Ajunwa and her coauthors consider three alternative options. First, an omnibus federal information privacy act could support data privacy throughout society, rather than specifically protecting workers.

The European Union’s Data Directive provides an example of such a law, but Ajunwa and her coauthors feel such a broad act would not suitably protect workers.

Since most workers in the United States are “at-will” or have an employment contract that defines what constitutes just cause for termination, a broad omnibus act would allow employers to use their greater bargaining power and use standard notice-and-consent mechanisms in employment contracts to contract around privacy rights.

The authors see privacy as a more fundamental right that employers should not be able to coerce employees into giving up.

Second, Ajunwa and her coauthors argue for an Employee Privacy Protection Act. The act would include an unwaivable prohibition on surveillance outside the workplace or during off-duty time.
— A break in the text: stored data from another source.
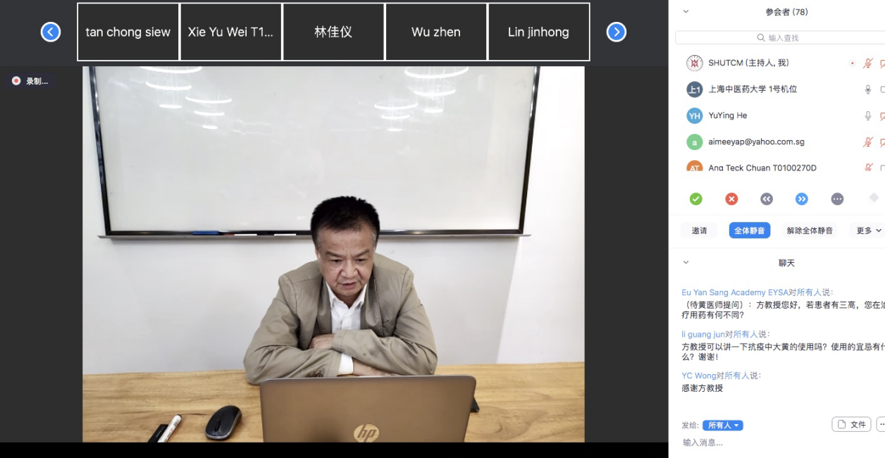 近期,beat365官网国际教育学院应邀与新加坡余仁生学院合作,为新加坡中医师协会开设疫情防治以及疫情期间的慢病护理系列公益讲座。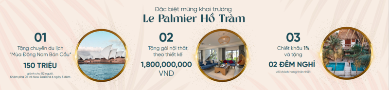 Nơi đây cũng là một trong những điểm ngắm bình minh đẹp nhất Đông Nam Á khi sở hữu tới hơn 300 ngày nắng đẹp, lá phổi xanh của khu vực (rừng nguyên sinh Bình Châu - Phước Bửu) và khu khoáng nóng Bình Châu. Vì vậy, khi đến với dự án Le Palmier Hồ Tràm, tin chắc rằng quý khách hàng có thể trải nghiệm những phút giây “rất thơ, rất tình, rất lãng mạn” mà khó có nơi nào có thể có được.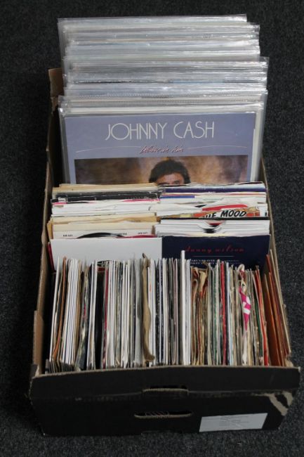 A box of vinyl LP records and 7" singles - Johnny Cash, Walt Disney, Phil Collins etc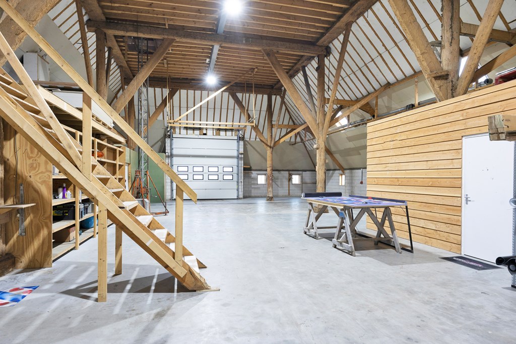 De huidige bewoners gebruiken een deel van de deel/stal als showroom, drukkerij/kantoor en werkplaats. De showroom heeft een eigen entree aan de voorzijde en is uiteraard ook voor andere doeleinden geschikt. De werkplaats met magazijn, welke gesitueerd is in het achterste gedeelte, is toegankelijk via een overheaddeur aan de achterzijde en enkele loopdeuren. De werkplaats is volledig geïsoleerd en er is vloerverwarming, wat de ruimte ook zeer geschikt maakt voor eventuele interne uitbreiding van de woning of voor andere doeleinden. Het is mogelijk de overheaddeur te vervangen door een kozijn met openslaande deuren. Het prachtige gebint, het zogenaamde vierkant, is nog prominent aanwezig en zorgt voor een authentieke sfeer, het geheel is in uitstekende staat.

Other employee protections, like those governing employment discrimination and worker safety, are similarly unwaivable, and Ajunwa and her coauthors argue that a protection that employers could contract around does not take into account unequal bargaining power between workers and employers.

Much like the right to a discrimination-free and safe workplace, Ajunwa and her coauthors view “data autonomy as an essential human right, and one that is part and parcel of the guarantee of an individual’s right to make a livelihood.”

Finally, Ajunwa and her coauthors propose an Employee Health Information Privacy Act as another alternative. Although considerably narrower, this option would address the specific concern about employers increasingly collecting health data about their employees without restrictions. It would clarify that all wellness programs and wearable health tracking devices are covered under existing health privacy laws.

Regardless of which option best balances the needs of employers and employees, the authors highlight the growing need for some kind of privacy protections for workers.

Traditionally unions have fought back against invasions of privacy by publicly shaming employers, but with a decline in unionization, Ajunwa and her coauthors believe workers need more stringent legal restrictions. As the emergence of technology like Amazon’s tracking wristbands suggests, employers could continue to expand their ability to surveil their workers unless legal protections are enacted.